**** Given entries ****

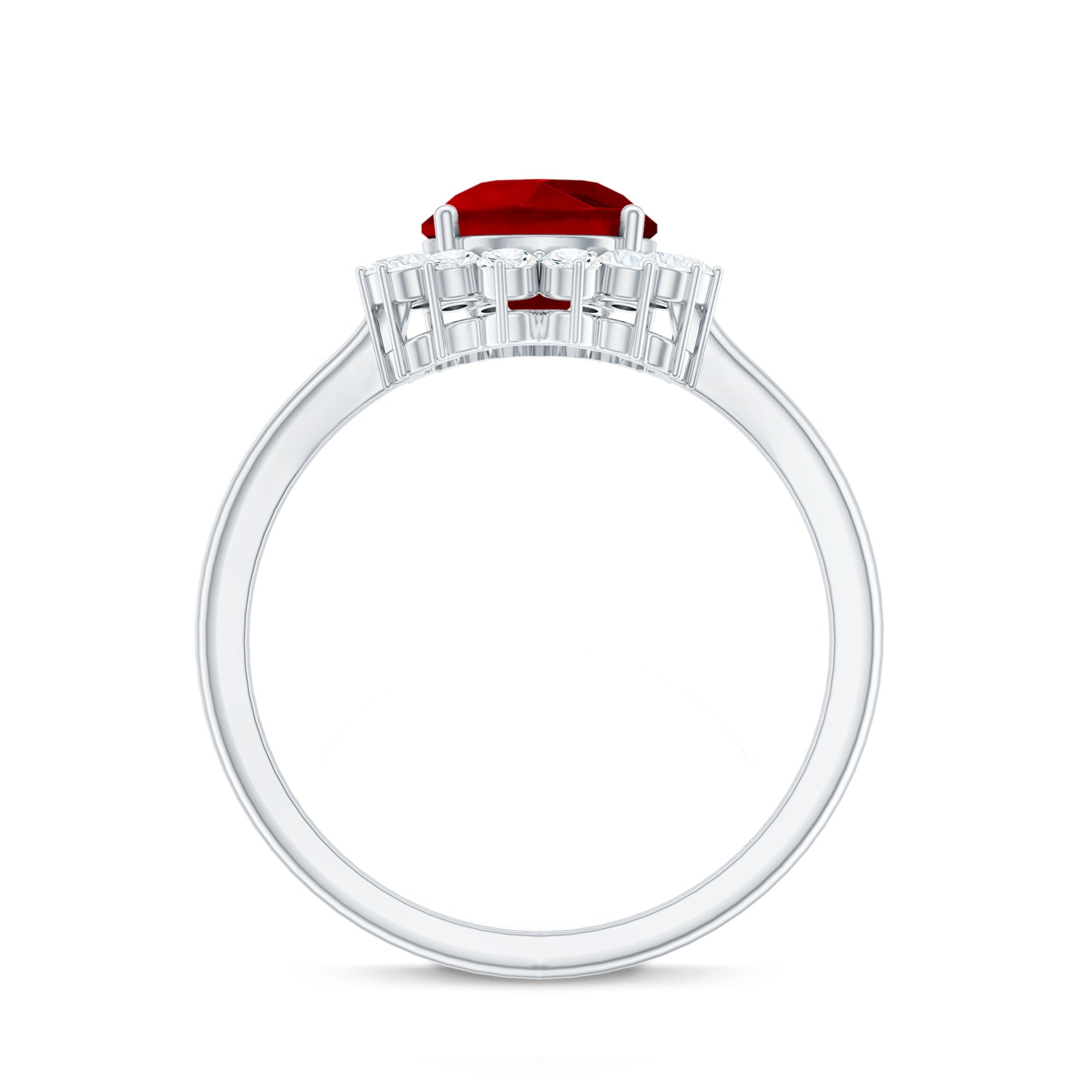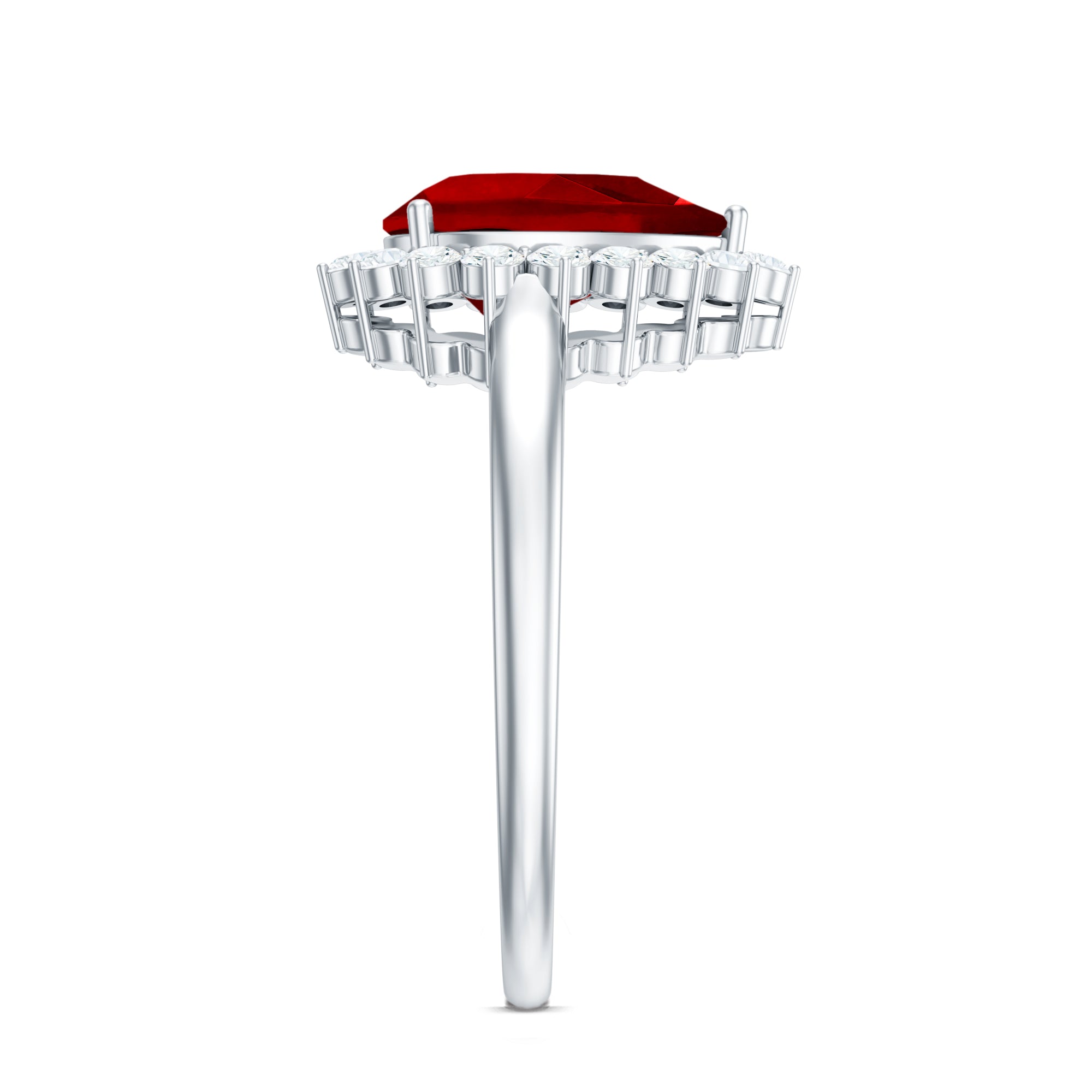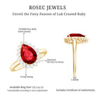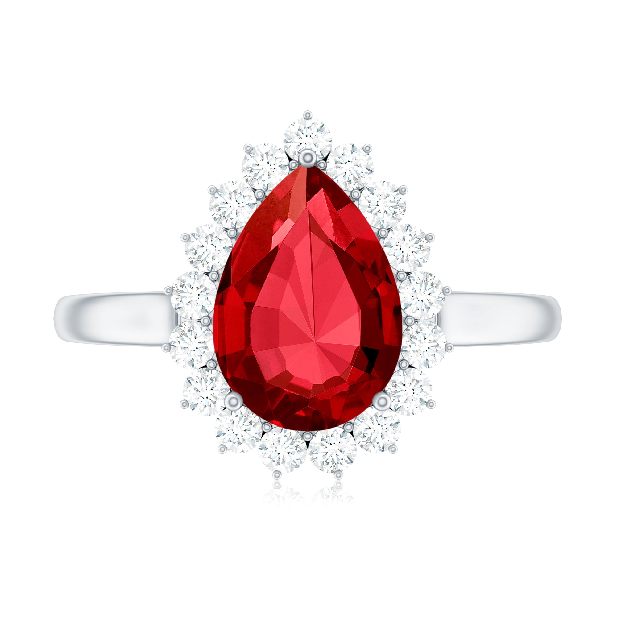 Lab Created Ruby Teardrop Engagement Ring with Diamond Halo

****
**** Given entries ****

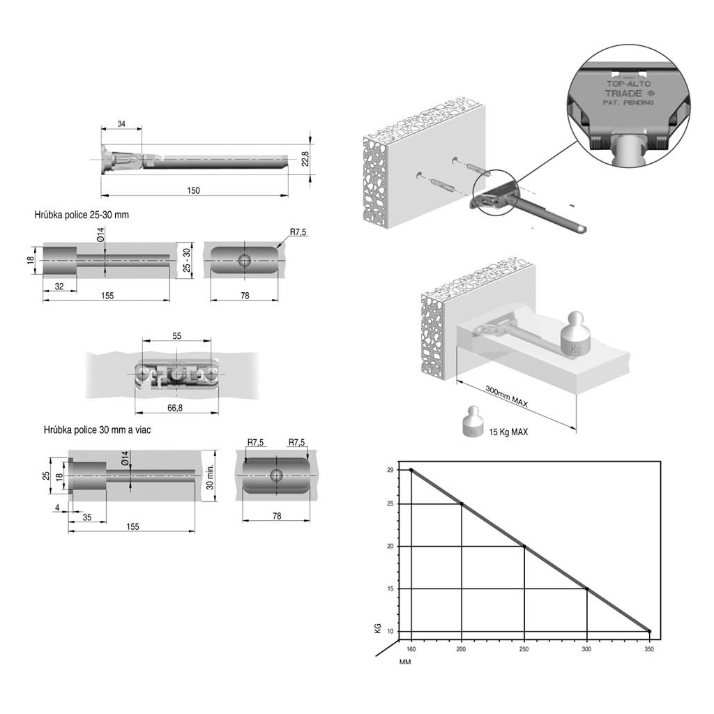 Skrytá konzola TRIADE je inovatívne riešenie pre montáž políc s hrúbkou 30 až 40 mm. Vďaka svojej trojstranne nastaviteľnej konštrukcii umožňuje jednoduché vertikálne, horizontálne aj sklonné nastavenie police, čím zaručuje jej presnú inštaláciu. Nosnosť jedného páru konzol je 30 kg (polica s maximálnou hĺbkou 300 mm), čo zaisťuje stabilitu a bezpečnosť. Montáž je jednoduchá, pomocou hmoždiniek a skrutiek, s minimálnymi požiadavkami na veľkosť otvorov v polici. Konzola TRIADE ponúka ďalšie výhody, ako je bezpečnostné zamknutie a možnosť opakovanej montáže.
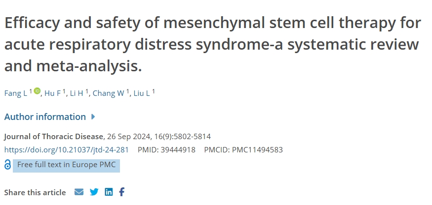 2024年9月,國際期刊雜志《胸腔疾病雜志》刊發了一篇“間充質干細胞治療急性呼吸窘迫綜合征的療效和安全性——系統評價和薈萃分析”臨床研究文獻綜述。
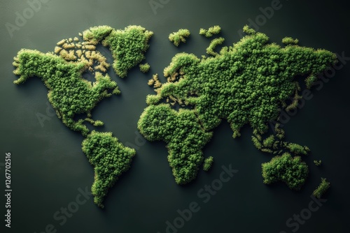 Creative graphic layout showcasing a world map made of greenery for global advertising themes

****

▶ _Problem_
With pictures excluded, reproduce exactly the lines above from the one containing "Skrytá konzola TRIADE" down to the one containing "Creative graphic layout", those two included.

▶ _Result of the task_
 Skrytá konzola TRIADE je inovatívne riešenie pre montáž políc s hrúbkou 30 až 40 mm. Vďaka svojej trojstranne nastaviteľnej konštrukcii umožňuje jednoduché vertikálne, horizontálne aj sklonné nastavenie police, čím zaručuje jej presnú inštaláciu. Nosnosť jedného páru konzol je 30 kg (polica s maximálnou hĺbkou 300 mm), čo zaisťuje stabilitu a bezpečnosť. Montáž je jednoduchá, pomocou hmoždiniek a skrutiek, s minimálnymi požiadavkami na veľkosť otvorov v polici. Konzola TRIADE ponúka ďalšie výhody, ako je bezpečnostné zamknutie a možnosť opakovanej montáže.
 2024年9月,國際期刊雜志《胸腔疾病雜志》刊發了一篇“間充質干細胞治療急性呼吸窘迫綜合征的療效和安全性——系統評價和薈萃分析”臨床研究文獻綜述。
 Creative graphic layout showcasing a world map made of greenery for global advertising themes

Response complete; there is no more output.